Maestro Buribayev, you have already worked on Eugene Onegin at the Bolshoi Theatre and at the Astana Opera. Next season you will be working on this opera in Helsinki, at the Finnish National Opera and Ballet. What are the special features of this new production in Ljubljana?
- You know, amazingly, every time I have a feeling of freshness and versatility of this work, and the fact that it always surprises me with something completely new, it would seem, in such a work that I know by heart. After the fascinating productions that I conducted, by the iconic stage directors Tcherniakov or Livermore, I was wondering what opinion the famous European director Vinko Möderndorfer, who staged this production, had on this work. He is an international film director whose movies are shown and receive awards at the Cannes and Venice Film Festivals, at the Berlinale, at festivals in Montreal, Montpellier and others. In addition, he is a playwright, author of 9 novels and 24 plays. His books have been published in different world languages. His take on Eugene Onegin is one of the most dramatic I have ever seen. For him, this work is full of the strongest passions, almost driving the main characters insane. At the same time, I worked hard to ensure that all subtexts and nuances in intonations were conveyed as clearly as possible. The artists responded with interest, the choir moved and danced a lot, and in the orchestra I tried to bring out as many colors as possible in this magical score. The ballet in Rosana Hribar’s choreography was also the highlight of the performance. Her solution to the popular polonaise from the third act is interesting, in which the entire backstory of Eugene Onegin is told in the language of choreography.
This is not your first time conducting in Slovenia. Was it symphonic music that you have performed there before?
- Yes, I conducted in Ljubljana for the first time as a very young man. I remember my debut with Handel’s Music for the Royal Fireworks with the excellent Slovenian Philharmonic Orchestra very well. In subsequent years, I have conducted at the Philharmonic, and now I made my debut at the opera house with Eugene Onegin. Ljubljana is an interesting place, in my opinion, just a paradise for a person involved in art. It is here at every turn. A stone’s throw from the opera there are two museums: of modern art and classical painting. The city center is crossed by the street named after Beethoven, who was associated with the Philharmonic, which has existed here since 1701. On my way to the opera house I always pass and mentally greet the monument of Gustav Mahler, gazing at the river. Mahler worked for some time in Ljubljana, and Slovenes reverently honor his memory. Incidentally, Mahler conducted the performance of Eugene Onegin, which was attended by Tchaikovsky himself, and Pyotr Ilyich then called him brilliant. I was very pleased that my professor of conducting, Maestro Uroš Lajovic, under whose guidance I graduated from the Universität für Musik und Darstellende Kunst Wien, came to see me at the premiere. He expressed his approval of my work and gave me his new book on articulation in Beethoven’s symphonies. It is a very specific read, but I am reading it avidly like Conan Doyle’s mystery novel.

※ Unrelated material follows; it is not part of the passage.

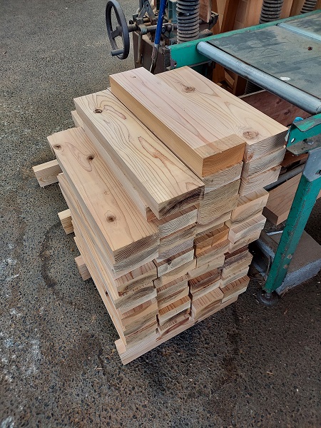 今、加工場に杉の45×105(4.5㎝×10.5㎝)、長さ40㎝位~50㎝位の端材が60個位出来ました。
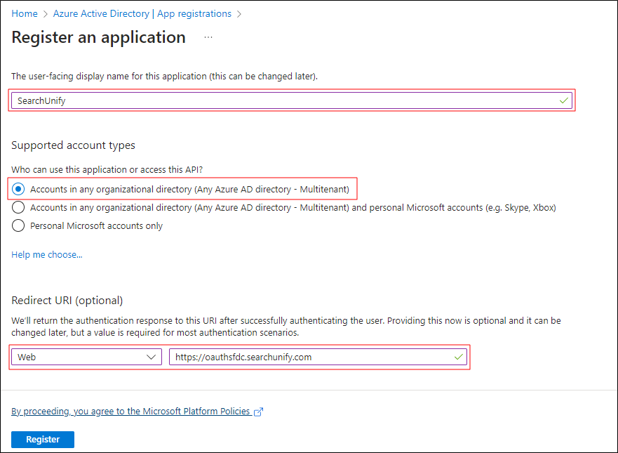 NOTE. You will not be able to add https://oauthsfdc.searchunify.com if it's already a Redirect URI in the select application.

What are your plans for the near future?
- In a week I will be conducting in Astana. After working abroad, I am always very drawn to my homeland, to my family, and of course, I look forward to working with my colleagues. On June 16 and 17, the performances of my beloved Don Carlos by Verdi will take place, and on July 12 and 13, Puccini’s no less beloved Turandot. In addition, we will close the anniversary season of the Astana Opera with a grand symphony concert on July 16, where we will perform for the first time the Symphonic Suite from our wonderful national opera Qurmanghazy by Akhmet and Gaziza Zhubanovs. Also, that evening we will perform Antonin Dvořák’s Cello Concerto with the globally renowned cellist Jing Zhao. She and I previously toured together in Japan, and I am glad that she accepted the invitation to perform in Astana. We will end the concert and the anniversary theatrical season with Mahler’s grand Symphony No. 1 "Titan". We have already played his Second, Fifth and Eighth symphonies, and after that it is quite logical to perform the super-original First, to find out "how it all started". I invite everyone!